WHAT YOU NEED TO DO ▸ What you return should match the data word for word, minus the images.

DATASET EXCERPT ▸

↓↓↓

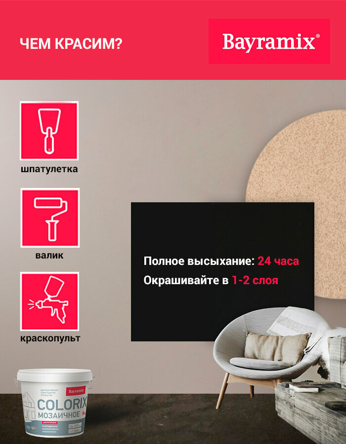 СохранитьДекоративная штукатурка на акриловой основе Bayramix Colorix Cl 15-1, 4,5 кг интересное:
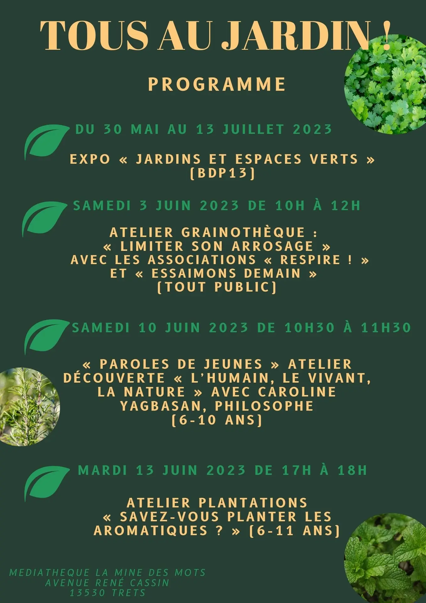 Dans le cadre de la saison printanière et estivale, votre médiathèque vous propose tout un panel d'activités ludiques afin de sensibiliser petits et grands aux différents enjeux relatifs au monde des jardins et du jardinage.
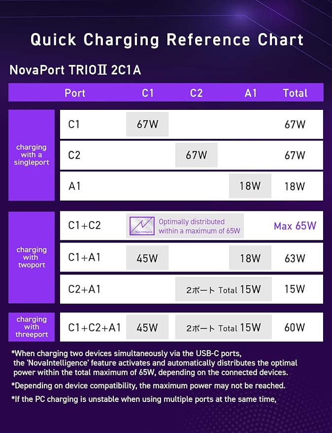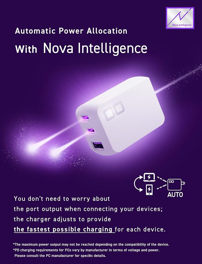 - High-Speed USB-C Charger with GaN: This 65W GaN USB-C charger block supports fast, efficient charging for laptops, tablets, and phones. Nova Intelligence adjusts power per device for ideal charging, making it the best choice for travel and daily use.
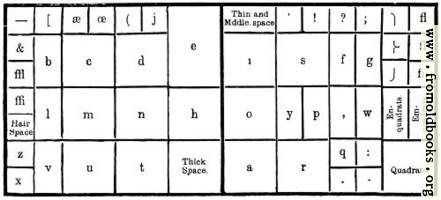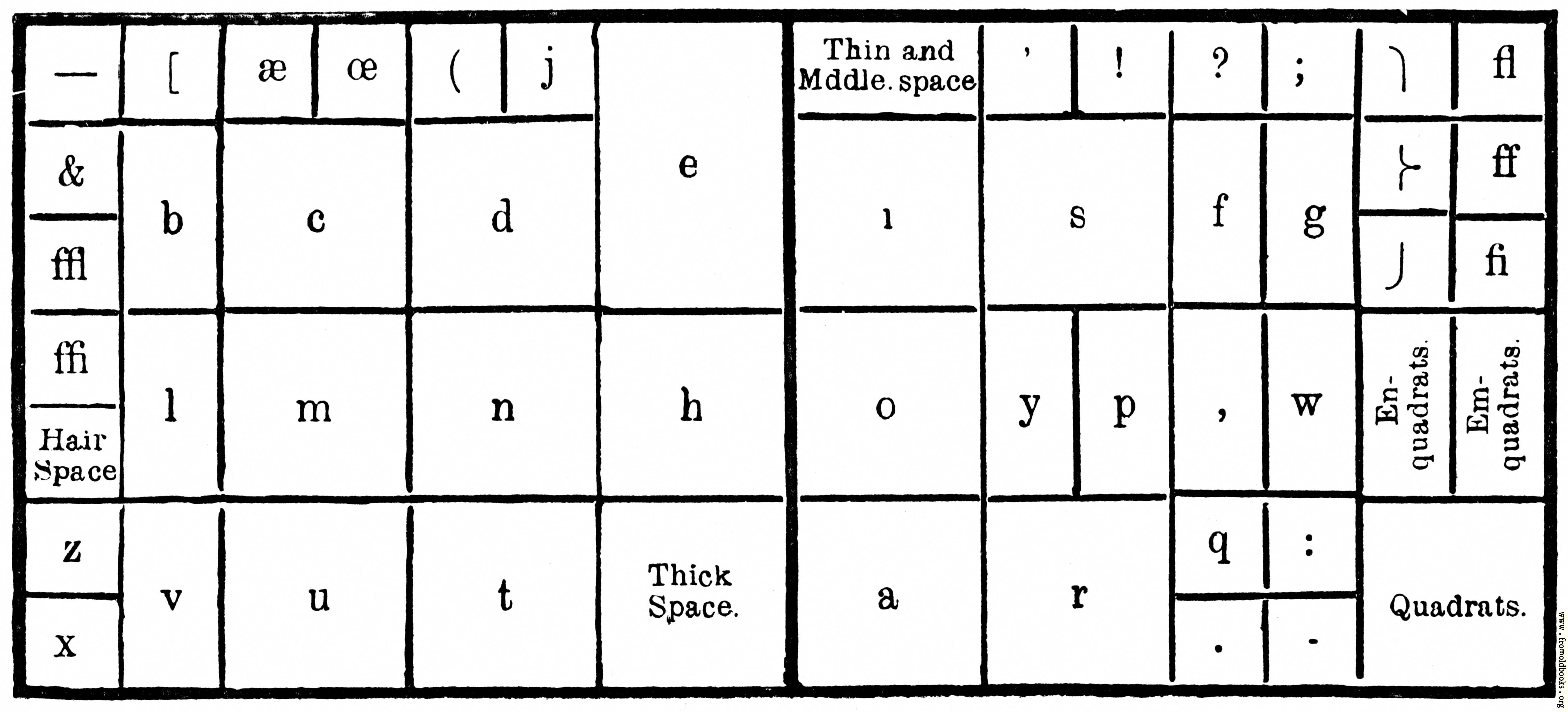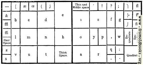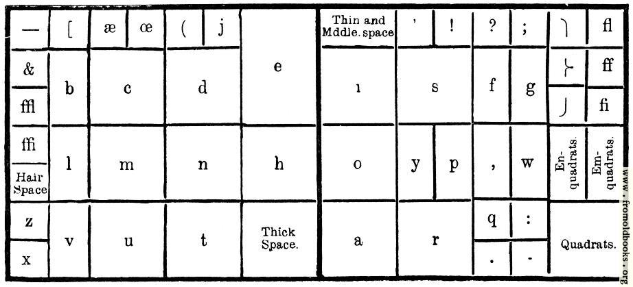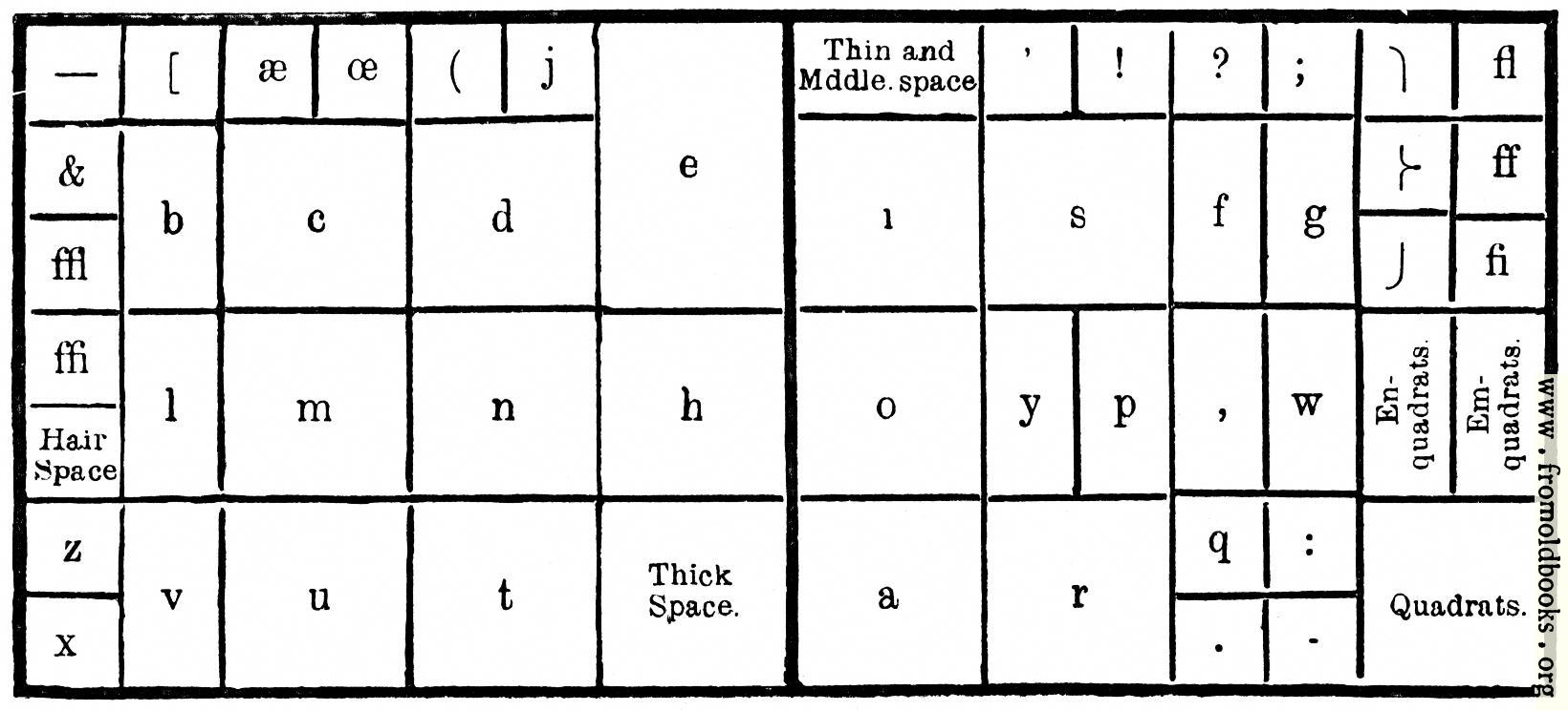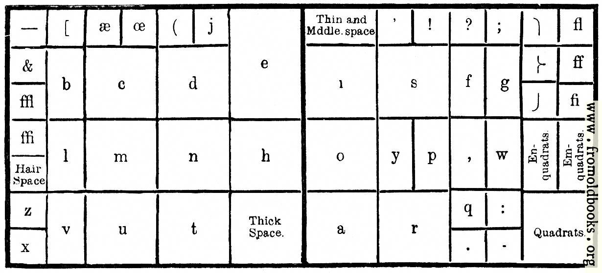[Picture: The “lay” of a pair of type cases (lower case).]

↑↑↑

TASK SOLUTION ▸
 СохранитьДекоративная штукатурка на акриловой основе Bayramix Colorix Cl 15-1, 4,5 кг интересное:
 Dans le cadre de la saison printanière et estivale, votre médiathèque vous propose tout un panel d'activités ludiques afin de sensibiliser petits et grands aux différents enjeux relatifs au monde des jardins et du jardinage.
 - High-Speed USB-C Charger with GaN: This 65W GaN USB-C charger block supports fast, efficient charging for laptops, tablets, and phones. Nova Intelligence adjusts power per device for ideal charging, making it the best choice for travel and daily use.
[Picture: The “lay” of a pair of type cases (lower case).]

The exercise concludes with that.